Quantum Computing in 2018: The Age of Quantum Supremacy Ireland EU

Quantum Computing in 2018: The Age of Quantum Supremacy Ireland EU
Quantum Computing in 2018: The Age of Quantum Supremacy

Quantum Computing in 2018: The Age of Quantum Supremacy

Modern technology has developed so fast that it has practically spoiled us. So, no wonder that we expect breakthroughs and revolutionary discoveries every year.

But, 2018 does look promising. And in addition to artificial intelligence, gene therapy, and brain mapping, everyone’s eyes will be fixed on quantum computing as well.

As we have already written, the idea of creating a quantum computer was first proposed by Richard Feynman in 1982. However, it only became plausible during the 2000s. Since then, it has been actively pursued. But, can we go further than we already are during 2018?

Let’s find out!

Where is Quantum Computing Now?

In computational power, the 30-qubit quantum computer matches the power of a 10-teraflop (1012  flops) conventional computer. However, unlike conventional computers, the power of quantum computers increases exponentially.

Therefore, it is expected that a 49-qubit quantum computer will possess power unattainable for conventional computers.
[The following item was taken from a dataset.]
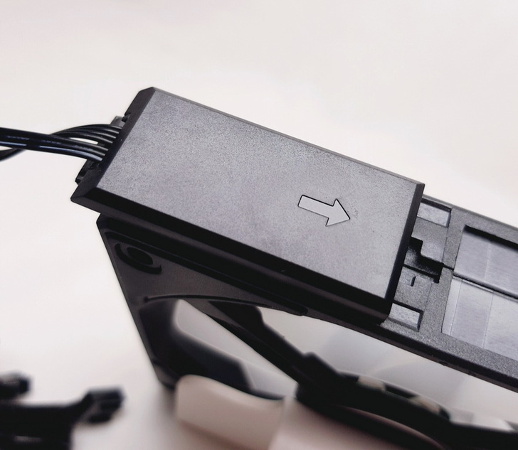 ▼ 只需要一條 風扇訊號連接線,給它扣上最上面的那顆風扇,就可以控制這三顆風扇。

In other words, 49-qubit quantum computer should usher us into the era of quantum supremacy.

In October 2017, an MIT Technology Review stated:

So, one way to achieve quantum supremacy is to create a system that can support 49 qubits in a superposition of states. This system doesn’t need to perform any complex calculations—it just needs to be able to explore the entire space of a 49-qubit superposition reliably.”

At the present moment, scientists and developers already have access to a 20-qubit quantum computer through the IBM cloud services. Moreover, IBM has already presented a prototype for an operational 50-qubit processor and has promised to release it very soon.

Google is IBM’s main competitor in the quantum race; the internet giant aims to use quantum computing to speed up the development of AI. And it’s doing pretty well at the moment.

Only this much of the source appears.